How are you using `rand`?


#1

It is intended to move parts of rand back into std, and, as part of that effort, the API will be tweaked/changed to be more powerful and more flexible: in particular, the Rand trait and Rng::gen* methods will be changed.

To get a better feeling for what possible changes look like and what changes would be desirable, it’d be great to have some non-trivial examples of code using the existing APIs:

  • Rand
  • Rng::{gen, gen_iter}
  • distributions::{Sample, IndependentSample}

Thanks!

(You can see the initial sketch for the changes to Rand in #722, particularly “Traits” and “The Random trait”, but the design has moved on slightly, theoretically solving the inefficiency drawback.)


#2

quickcheck is a pretty big consumer of rand, although it has pretty modest requirements. I think it mostly uses gen and gen_range.


#3

Thanks!

I guess I’m particularly looking for concrete instances but get a handle on what other people are using Rand-like traits for is good too.


#4

I generally use rand in a fairly naive way. e.g. make me a list of 10 random whatevers, do operation X with probability Y, or perturb X by some random amount. My mental model of RNG is basically just the usual random() -> [0.0, 1.0) (Uniform, independent) I’ve seen in several languages. So I basically just do next_f64 through the thread_local rng and add/multiply/round my way to what I want even if there’s a better dedicated method for it just because I don’t want to think about it and that’s all I’m used to working with in other languages (stockholm’d, I guess). It’s easy to convert the float range into whatever format I want with minimal artifacting and I don’t have to worry about seeding or whatever. I have no interest in any notion of true/precise/secure/efficient randomness. Just want to be able to generate some numbers without thinking about it. I’ve never had a strong urge to impl Rand since it just means more work than a quick ad-hoc make_random_graph() function (which also handles getting the Rng and everything for me).

More rigorous general treatments of randomness I would generally feed through a higher-level API like quickcheck::Arbitrary.

Not sure if this is useful but… well that’s the dirty truth.


#6

This is somewhat off topic, but If you are going to work on rand, I recommend to have a look at http://pcg-random.org. It has a lot of interesting thoughts and examples on using random number generators. The C++ example for instance contains an example where copying the RNG makes sense.

I think it makes a lot of sense to implement PCG in rand as well, given how nice its properties and how simple its implementation is.

Some RNGs (namely dSFMT) are more efficient when generating random numbers in a bulk. I think this is currently not possible using the standard rand API, however this is probably a niche application.

In terms of distributions, it would be nice to have something like in R for every distribution: A way to get the probability/density function, the distribution function and the quantile function (in addition to generating random numbers according to the distribution).


#7

I decided to take a look back at my path tracer project (haven’t touched it for months) and it’s very gen and gen_range heavy.
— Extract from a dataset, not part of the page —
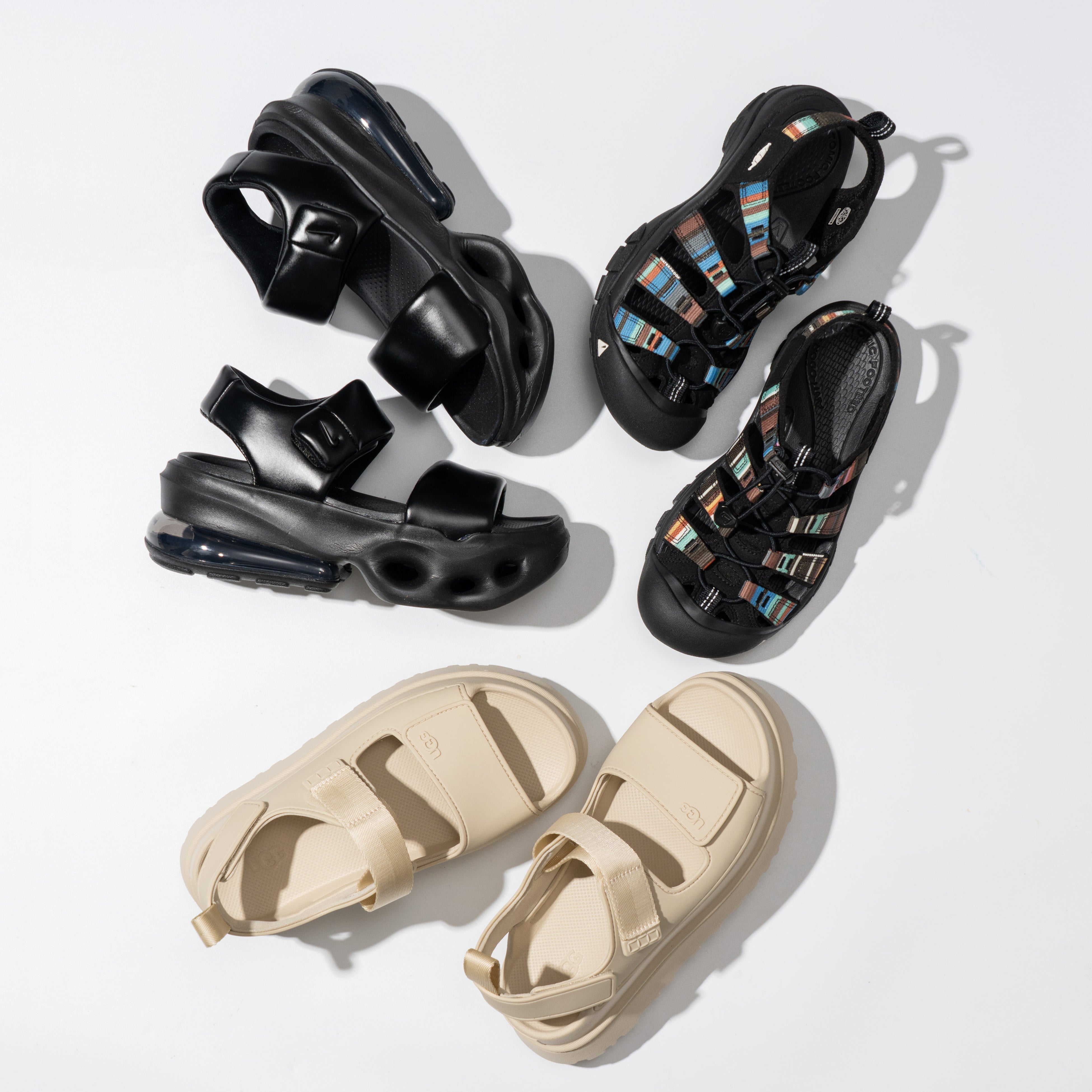 カンペールのフラワーサンダルをはじめ、NIKE AirMaxHalo、KEEN ニューポート、UGG ゴールデングロウなど、トレンドのカジュアルサンダルを豊富にラインアップしました。

I suspect that it wouldn’t need much more than that (possibly choose) if I would continue, unless there were some more handy distributions and something for picking points on circles and spheres, but that would probably be better as a separate library.

As a side note: I realized the other day that it would be nice to be able to get a copy of or reference to the current random seed of a seedable RNG. I came upon a situation where I was generating a bunch of data and wanted to cache it somehow and just saving the interesting seeds would allow me to save some space. It’s probably a slim use case, so it’s more like an entry to the wish list and not a requirement.


#8

Not sure if this is what you mean, but https://github.com/codahale/pcg seems to be a built pcg implementation in rust.

Edit: now compiles on beta!


#9

There is an interesting presentation about implementing distributions in R, I think part of it applies to Rust as well.


#10

I suspect you mean https://github.com/codahale/pcg :slight_smile:


#11

Yep! Not entirely sure how that happened, thanks!


#12

I too recommend using PCG as the RNG base. The PCG paper goes into great detail about its benefits over other RNGs.